━━━━━ TASK MATERIAL
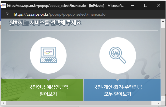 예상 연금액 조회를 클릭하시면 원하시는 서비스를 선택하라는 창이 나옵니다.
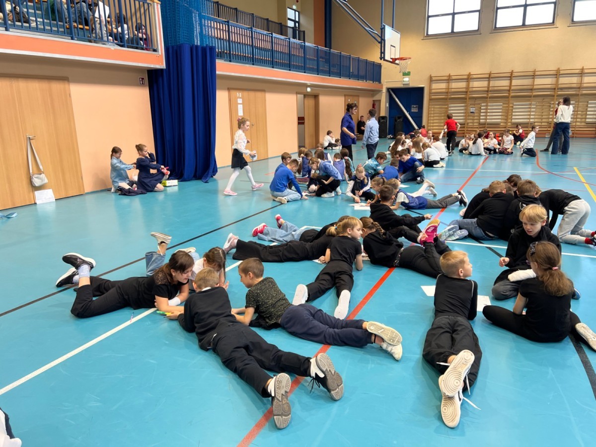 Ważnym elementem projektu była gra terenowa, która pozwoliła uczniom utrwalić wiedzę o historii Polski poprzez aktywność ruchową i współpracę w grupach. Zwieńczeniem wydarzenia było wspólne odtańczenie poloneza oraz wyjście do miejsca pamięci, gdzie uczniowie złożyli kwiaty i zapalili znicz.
━━━━━━━━━━
━━━━━ TASK MATERIAL
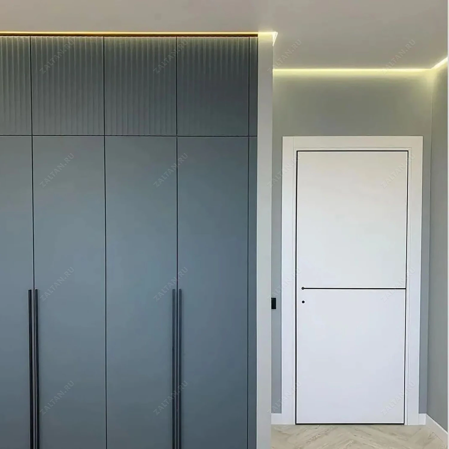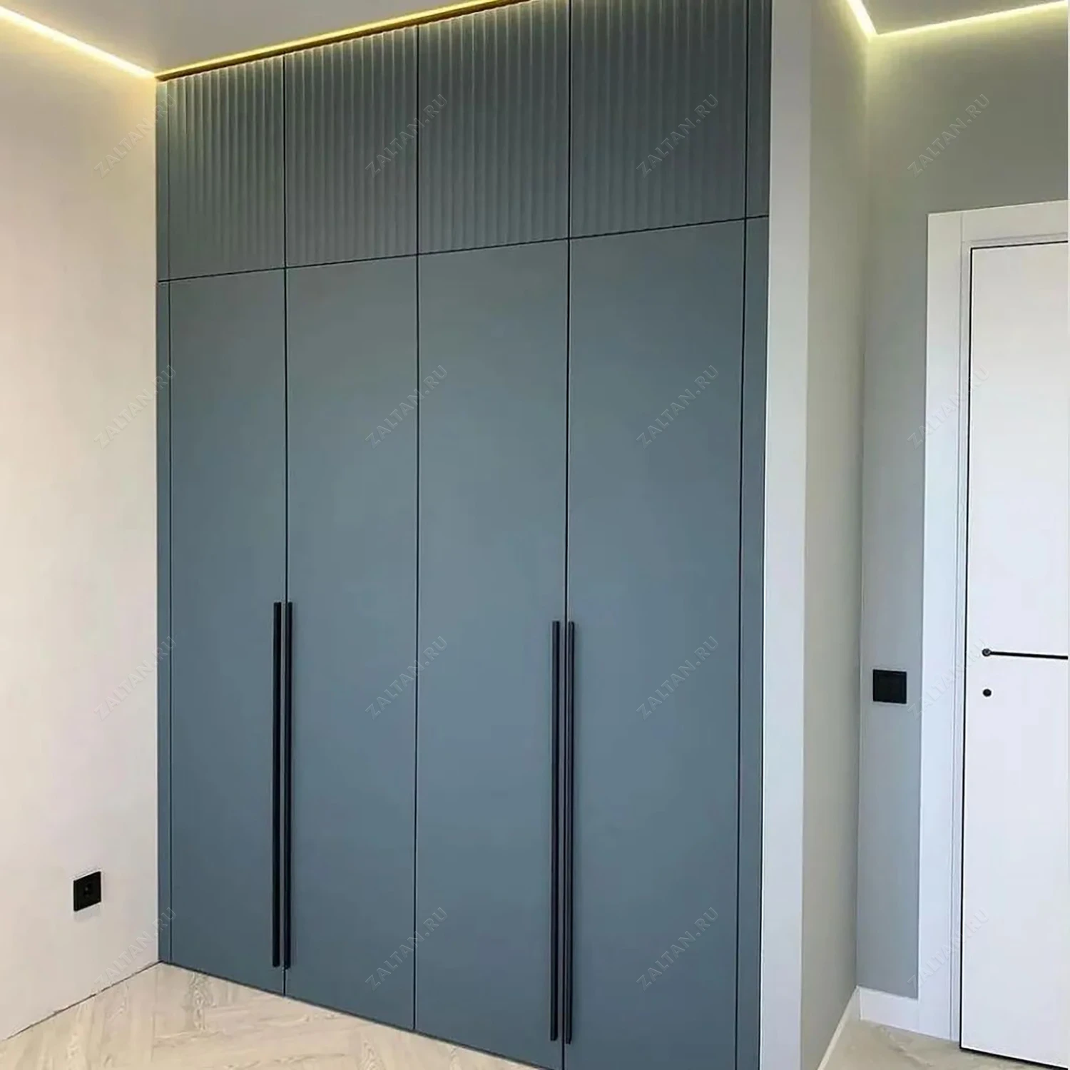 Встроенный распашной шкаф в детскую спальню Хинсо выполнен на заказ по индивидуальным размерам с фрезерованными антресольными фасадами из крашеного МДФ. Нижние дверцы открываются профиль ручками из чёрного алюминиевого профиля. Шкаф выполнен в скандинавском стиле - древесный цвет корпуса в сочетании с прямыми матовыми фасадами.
━━━━━━━━━━
TASK DESCRIPTION - Give again the stretch of lines above from the one with "예상 연금액 조회를 클릭하시면 원하시는 서비스를 선택하라는 창이 나옵니다." through the one with "Ważnym elementem projektu", both ends kept, and copy no pictures.

ANSWER AREA -
 예상 연금액 조회를 클릭하시면 원하시는 서비스를 선택하라는 창이 나옵니다.
 Ważnym elementem projektu była gra terenowa, która pozwoliła uczniom utrwalić wiedzę o historii Polski poprzez aktywność ruchową i współpracę w grupach. Zwieńczeniem wydarzenia było wspólne odtańczenie poloneza oraz wyjście do miejsca pamięci, gdzie uczniowie złożyli kwiaty i zapalili znicz.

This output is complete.